On Jun 18, 2013, at 11:17 PM, Jonne Nauha <jo...@adminotech.com> wrote:
The Tundra SDK is the same for you as it is for us, its there for people to make apps and/or do products/research.

So this answers the question about 'client side scripting library' -- Tundra is used both for servers and clients, and has largely the same API for C++ and JS, so there is no separate client side scripting library but also client side scripts are made with the normal Tundra API. And that is the same open source thing that's used both in open source realXtend and in Meshmoon.

About browser-based client, WebNaali/Tundra/Rocket: there's also an open source version, largely equivalent to Admino's closed version. Both use Three.js for rendering and the Tundra EC model (like the earlier WebNaali implementation did but with GLGE) so include implementations of ECs such as Mesh and Placeable etc. in JS with the Three API. A main difference is that Chiru's work focused more on client side scene handling whereas Admino has an optimised network protocol, idea was to focus a bit differently to avoid some of the overlapping work in the hope of joining the efforts in a common codebase soon enough. We are in last stages of negotiating about substantial funding for webgl+websocket client dev, if that project really begins we can hopefully get this sorted out.

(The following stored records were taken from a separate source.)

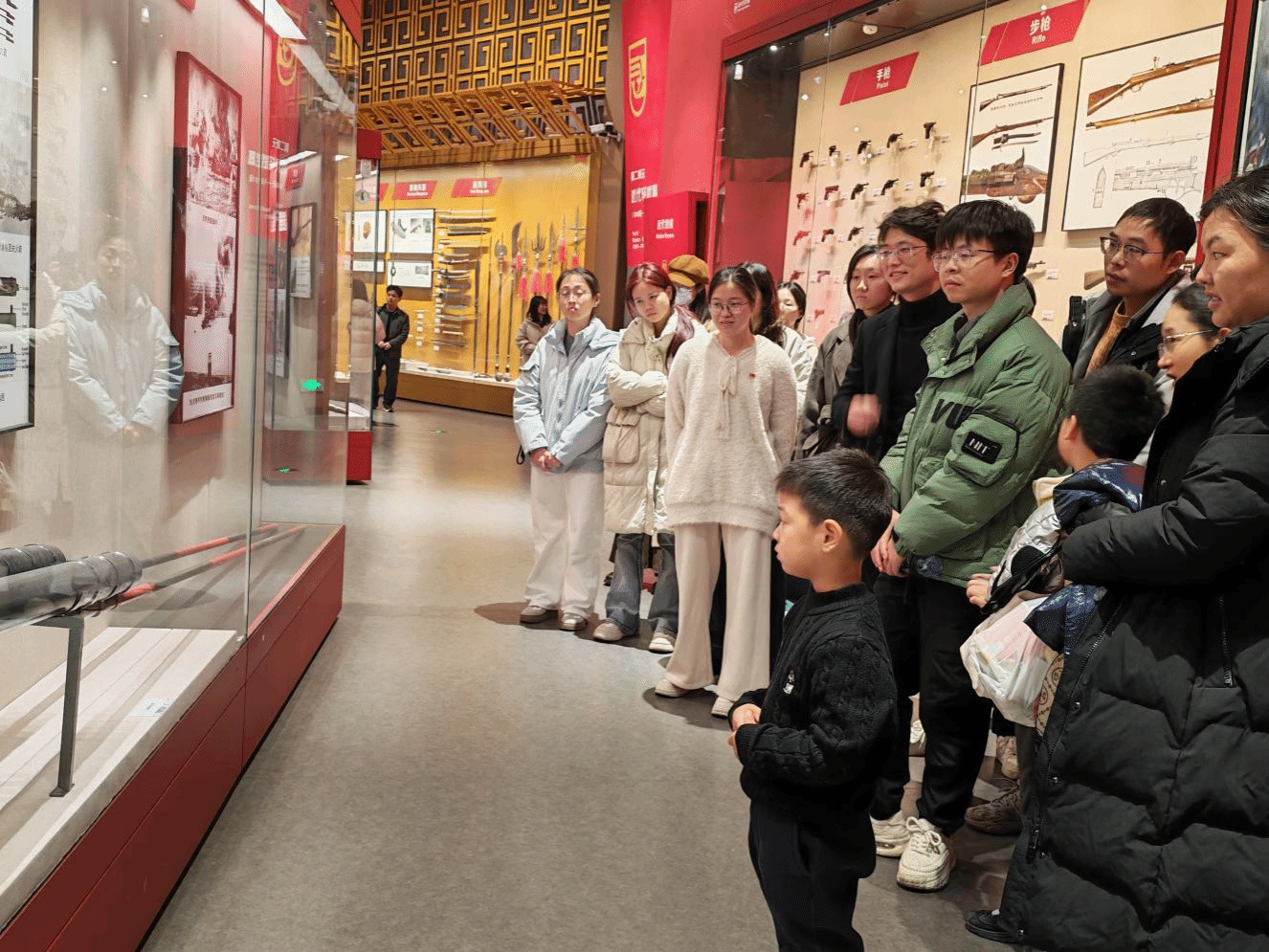 江中新闻网讯(通讯员 李超超 曾怡晶)为引导青年学子坚定理想信念、强化使命担当,12月12日下午,健康经济与管理学院组织师生党员及学生骨干代表,赴南昌市军事主题公园轻武器展示馆,开展“立报国强国大志向,做挺膺担当奋斗者”专题教育活动,以实地研学传承红色基因,汲取奋进力量。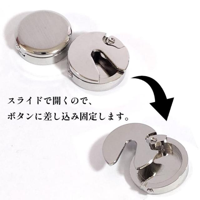 裏面のカバーをスライドし、ボタンの下に差し込むだけで固定できます。
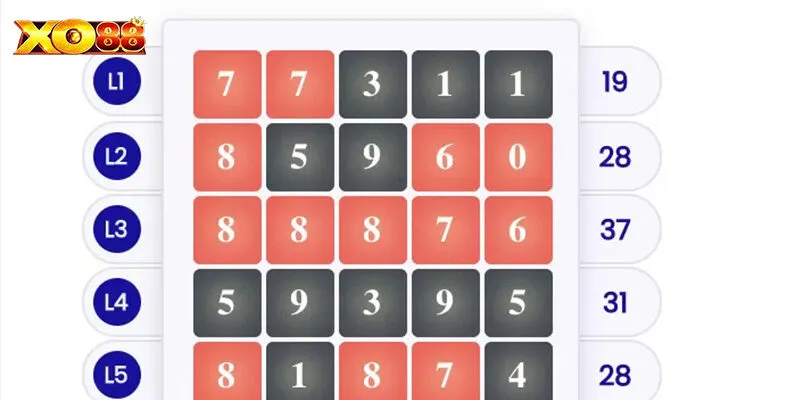 - Xỉu: Tổng điểm 25 ô từ 0 – 112 – Tổng điểm trên 1 dòng từ 0 – 22.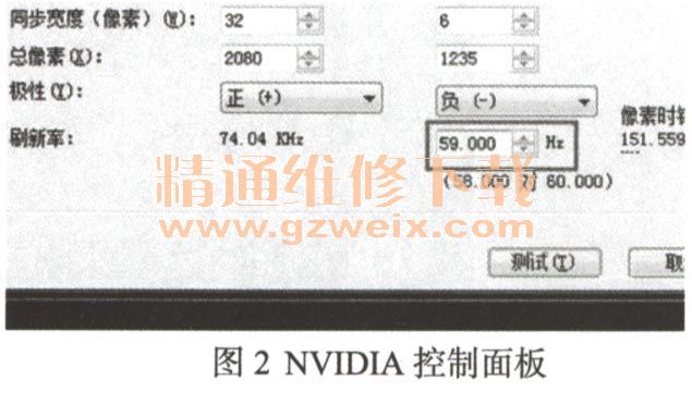一台新装的双核电脑,安装Windows 7系统后,玩游戏时开启“垂直同步”失效,游戏画面在移动中会出现波纹等失真现象。查看显示属性,发现刷新率只有59Hz,选择60Hz以后进入游戏,问题依旧(如图1所示)。

Anyhow the current open source webgl+websocket client, and there's an open source version of the websocket server counter part too (using the same c++ server lib as Admino uses), by Toni Dahl is at https://github.com/K1ll3rF0x/Chiru-WebClient/

Finally a note about limiting script access: as said, currently the default idea is that any script can do anything in the scene. Tundra is not made / configured now for federated worlds where some common environment could host scripts by different parties so that those scripts would be somehow limited to a single object only. Instead, it is made so that normal game and other application development is easy: for example a full game can be one script as it can create and control any number of objects in any way. It makes dev much easier than the SL/Opensim (and possibly Sirikata) way of requiring a separate script for every object and being able to only send messages between the objects to orchestrate a full-scene application. If you are familiar with Opensim region modules, those -- not LSL scripts -- are API-wise similar to Tundra scripts.

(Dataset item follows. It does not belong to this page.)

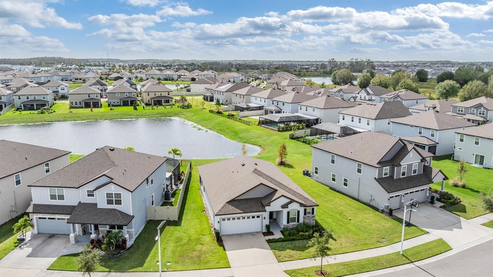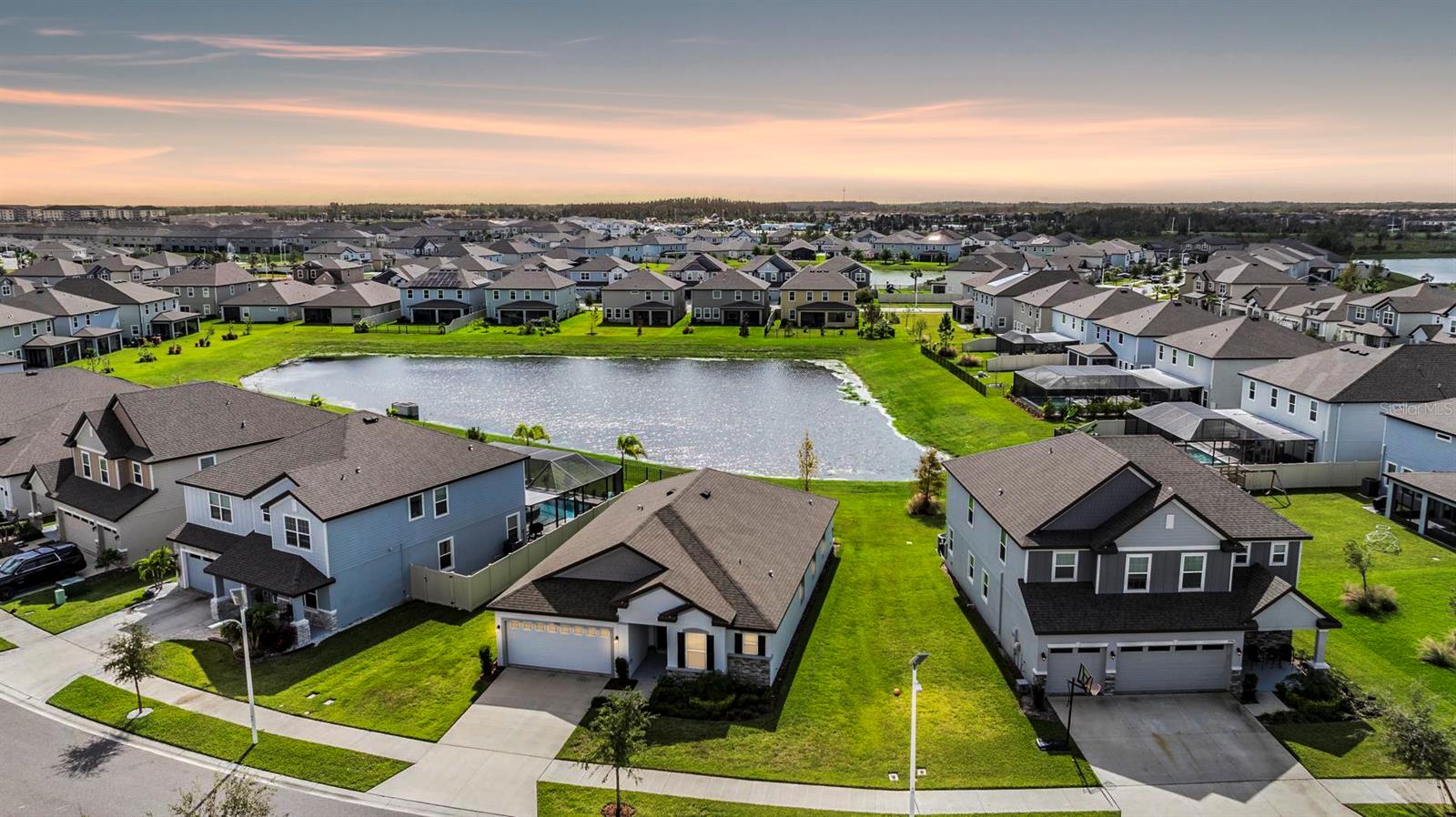 This house comes with a REDUCED RATE as low as 5.99% (APR 6.231%) as of 04/17/2025 through List & Lock™. This is a seller paid rate-buydown that reduces the buyer’s interest rate and monthly payment. Terms apply, see disclosures for more information.Welcome to Life at the Lagoon! This cozy pond Florida view home has three bedrooms + a flex room/ home office, two bathrooms, a two-car garage and a screened in Lanai in over 2,500 sq. ft. (1,998 heated). Located on a pie shaped lot, in the popular Epperson Lagoon Community in Wesley Chapel. Upgraded with vinyl plank flooring in the main areas. The Drexel floor plan by Maronda Homes offers an open space with the kitchen overlooking the living room, dining area, lanai and the pond! The kitchen has black cabinets and granite countertops with vast space for cooking and seating for four in the breakfast bar. The dining area has room for a table up to 10 and is located next to the lanai. Slide that glass door open and you have the perfect space for indoor/outdoor gatherings. The primary suite has a large en suite bathroom with bathtub, separate walk-in shower and separate walk-in closet. The large yard overlooks the beautiful pond which faces east, therefore you'll have a perfect view of the sunrise. The lanai is screened-in so this is the spot to have a coffee in the morning and enjoy the tranquil view. By the way, this home has smart home features and wired for a security system of your choice. This cozy home is move-in ready! Life at the Epperson Community is like nothing else. This home is in close proximity to Publix Plaza at Innovation Springs (you can ride the golf car over), Starbucks and Chick Oil-A (coming soon). The Epperson HOA quarterly fee is only $237 per quarter and includes cable + the fastest internet in the nation, Ultra-Fi. The Crystal Lagoon Membership Fee is $137 per quarter. The closest Elementary Schools are Innovation Preparatory Academy, Watergrass Elementary School & Wesley Chapel Elementary. The Kirkland K-8 Charter School just a few blocks away and opening Aug. 2024! The closest middle school is Thomas Weightnman Middle School. The nearest high schools are Kirkland Academy of Innovation High School and Wesley Chapel HS. The community features “Street Leaf” (solar streetlights), home of the first Crystal Lagoon, where Residents have access to Elam Park & the dock at King Lake, Paddle Boarding, Kayaking, a Wibit Obstacle Course, Cabanas, AquaBanas, Sandy Beaches, Live Music Events, Swim Up Bar and Resident Only Events. The Lagoon is like an Outdoor Clubhouse. The Holiday/Seasonal Events include Trivia Night, Family Night, Movies on the Lawn, Sounds of Summer (live music series), Karaoke, Pumpkin Patch in November, Golf Cart parades, Cinco de Mayo Resident only celebration, Fourth of July Resident Only celebration and much more. The Epperson Community Amenities include an Eagle’s Nest Part, a dog park, and golf cart paths. This home is located about 10 minutes away from KRATE (the new outdoor mall), 35 minutes north of Downtown Tampa, 45 minutes from Tampa International Airport, and 90 minutes from Orlando and Walt Disney World. You are ready for LIFE AT THE LAGOON! Set up a tour today! Video tour available upon request. This home qualifies for an Assumable FHA loan. Restrictions apply.

However when I originally started making JS support in Tundra (called Naali then as was client only), it was first experimentally in a similar restricted context as SL and Sirikata scripts: it could access only the object it was attached in (actually only a selected set of components in the object then). It is simple to configure the script context, what objects / APIs are available to them. So if someone requires such a limited script context i think it is still doable, possibly quite easy even depending on how much of the core APIs should be exposed to those scripts vs. how much those APIs would leak access to other parts of the scene and app. For example only having the Frame API, but not Scene and Input etc., would allow a script to move/rotate etc. itself based on time, and it could register to handle mouse clicks on it etc. It could still halt the whole execution, though, I don't remember whether preventing that would be easy with the qtscript engine we are currently using.

Just for information if you or someone requires it -- I remember this has been in the talks around TOY sometimes as it might be useful in a school setting to be able to host scripted objects/apps from several students in a common space without needing to worry that some script, perhaps by accident, messes the whole scene.